Statistics Canada cited the effects of the COVID pandemic for the overall rise in hate crimes. “The pandemic further exposed and exacerbated issues related to community safety and discrimination in Canada, including hate crime,” it said in a news release.

That trend was also cited by the B.C. Human Rights Commission when it announced last August that it would hold an official inquiry into “the disturbing surge of hate [during] the pandemic.” Catholic observers criticized Commissioner Kasai Govender for failing in her comments justifying the inquiry to acknowledge anti-Catholic hatred that had surged in the months preceding her launching of the inquiry.

The commission said in a February 2022 news release that it had received online submissions from more than 1,700 persons who said they had either witnessed or directly experienced a hate incident during the pandemic. The window for public input closed March 6.

Govender said earlier that the commission would also invite written submissions and hold roundtable talks to gather information. None of this would be held in public, she said, nor would a list of participating individuals or organizations be released.

Commission communications officer Charlotte Kingston failed to respond to three messages from The B.C. Catholic seeking information on the status of those internal proceedings.
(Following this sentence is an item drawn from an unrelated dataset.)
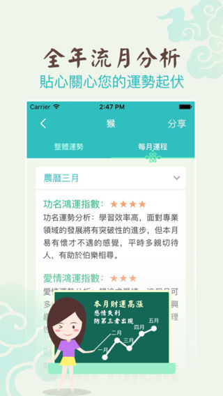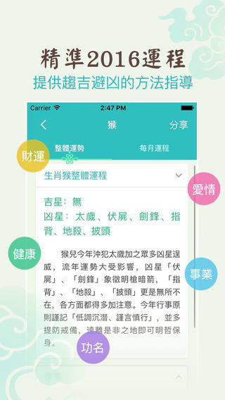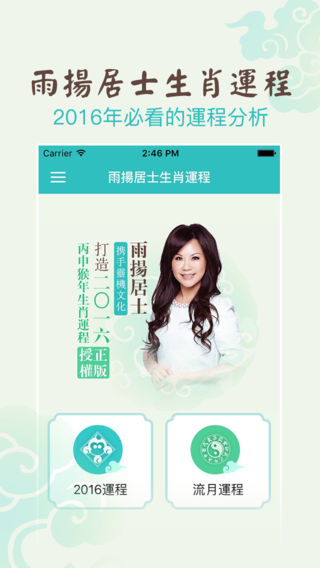2016年生肖运程开运宝典强势来袭!! 资深媒体命理大师雨扬居士倾力指导!!! 【应用特色】 1、整体运程:2016整体运势如何?透过吉凶星位,预知先机,趋吉避凶行大运! 2、运程详解:猴年运程详细解析,事业、财运、健康、爱情运势,一目了然! 3、流月分析:大师指导每月运程,助您猴年顺风顺水、事事顺心! 4、生肖运势:十二生肖面面俱到,2016好运必备指南! 【大师介绍】 雨扬居士:第一位将命理与科技结合的命理大师,第一位与台湾雅虎奇摩合作大师亲算,专业命理学家,中医学博士,现任雨扬慈善基金会创办人、雨扬科技事业群执行长、台北市云林同乡会理事。一生研究儒佛道文化思想,精通八字、阳宅风水、易经卜卦等中国传统学说,目前已累积五十余本着作。近年来更投身慈善公益与弘扬佛法,帮助人们脱离痛苦、走出迷津,进而知命、造命,转换成正面能量,实现开心即是开运的人生,曾登上日本杂志封面,被誉为幸福领航者。 【雨扬居士2016生肖运程】是雨扬居士与灵机文化强强合作的2016开运宝典,除了有传统的生肖运程详解之外,还增加了由雨扬居士总结多年经验,并经过改良的独家特色开运方法,助您2016年在财运、事业、爱情等诸多方面行大运、行好运! 【品牌支持】 灵机文化是全球知名的传统文化整合传播平台,与上百位知名的命理老师合作,致力于为大家提供更加精准的命理知识和命理应用。 【联系我们】 網 站:http://m.linghit.com/ 新浪微博:灵机妙算 Facebook: https://www.facebook.com/linghit 网易博客:http://gzding.blog.163.com/ 微 信:灵机妙算lingjimiaosuan

A spokesman for the Roman Catholic Archdiocese of Vancouver said the commission had not contacted the archdiocese for any input into its inquiry.

The commission is expected to release its report in early 2023.

Elia said Catholics have a civic responsibility to ensure that authorities know of church attacks, even if it’s as minor as graffiti. “If incidents aren’t reported and if the perpetrators of incidents aren’t sought after by local authorities, we cannot take any [action],” he said.

Public involvement works, Elia said, pointing to Catholic participation in successfully lobbying the federal government in 2017 to retain the “interruption of religious services” section of the Criminal Code of Canada.

Catholic institutions contribute to the public good, he said. “So, when we’re attacked in any way, we have to bring this out to light and allow the proper legal process to take place. And we also have to collect the data because it is the right thing to do.”

Information about church attacks can be reported at ccrl.ca/report-an-attack-at-a-church-or-religious-site.